In the case of EML documents, a stylesheet is used to translate the underlying document into a human-readable display, but otherwise the process is almost entirely the same as in the past.

However, with the advent of EML containing attribute-level data, a new option is available - the direct generation of a statistical program that handles the routine tasks of reading the data, adding labels and missing values statements and basic statistical analyses (Fig. 2). This allows researchers to "shortcut" the laborious process of creating the basic statistical program and instead focus on the creative aspects of the analysis, by adding additional commands to the program written by the stylesheet. The EML document also plays the role of providing the researcher with the details on methodology etc. that are critical to understanding appropriate use of the data.

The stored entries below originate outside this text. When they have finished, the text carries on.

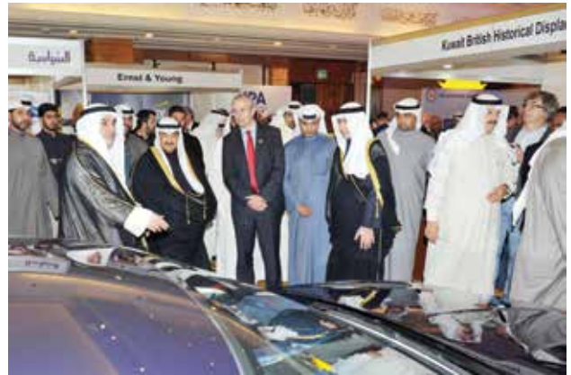
سمو الشيخ ناصر المحمد والسفير البريطاني مايكل دافنبورت واحمد اسماعيل بهبهاني ويوسف الجاسم ومحمد أبل في جناح احدى شركات السيارات

** المتلقم : المعرض البريطاني يأتيه انسجاما للعلاقات المميزة بين بريطانيا والكويت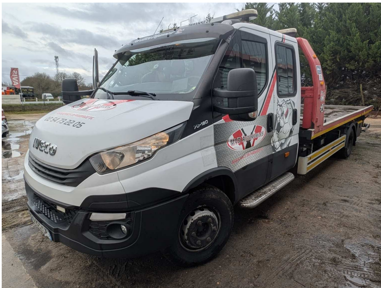
N°8 - Dépanneuse Iveco Daily IS70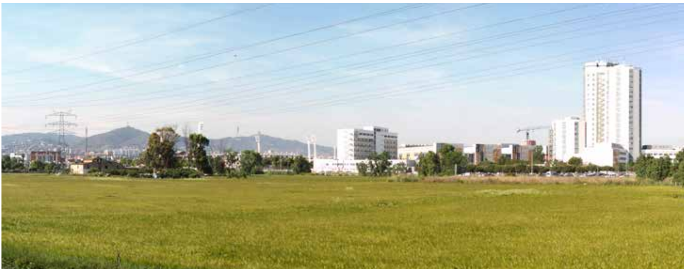
Cal Trabal actualment ja és una zona natural i agrícola rica en diversitat. Necessitem fer accions públiques per cuidar i fer estimar la zona.

Cal Trabal és actualment una zona marginada i maltractada per l'urbanisme i necessita intervenció per donar-li qualitat ambiental: Consolidació de la zona agrícola i incorporació al parc agrari, soterrament de línies elèctriques, talussos vegetals que facin d'amortiment de les vies ràpides, trasllat i/o soterrament de l'estació elèctrica, obertura i condicionament de camins al públic, il·luminació, restauració i potenciació de les masies com a equipaments, permeabilitat de la zona amb la ciutat existents, la millora de l'accessibilitat als dos hospitals, el soterrament total de la Gran Via (amb una solució de soterrament total i abastant els 2 km sencers que queden), el soterrament de les vies

The PTAH (Processing Techiques for Automated Harmonization, also the Egyptian god of creation) project has as its goal the creation tools that use EML to support ecological research., including the creation of the needed stylesheets and supporting programs. The first step has been to create stylesheets that translate EML documents into statistical programs for the Statistical Analysis System (SAS), the Statistical Package for the Social Sciences (SPSS) and the "R" statistical packages. These stylesheets use the information in the dataTable, attributeList and physical modules of EML as the raw data for creating statistical programs. Through the use of the stylesheets, time to prepare a statistical program for a dataset with dozens of variables can be reduced to as little as 5 minutes. The stylesheets are available for download on LTERNET CVS web site (http://cvs.lternet.edu>). To aid researchers, who may be unfamiliar with XML stylesheets and templates and the programs for processing them, a web site at http://www.vcrlter.virginia.edu/data/eml2 provides a web interface for the

Currently 73% of LTER sites produce at least some EML documents with attribute level metadata, but overall only 31% of EML documents contain attribute-level data (D. Costa, pers. comm. 3/31/06). As more EML metadata is enhanced to achieve levels 3-6 as outlined in the "EML Best Practices" (http://cvs.lternet.edu/cgi-bin/viewcvs.cgi/emlbestpractices/emlbestpractices-1.0/emlbestpractices_oct2004.doc), the utility of this approach will gain in value. However, even now over 1,200 datasets contain the information needed to allow semi-automated processing using this approach.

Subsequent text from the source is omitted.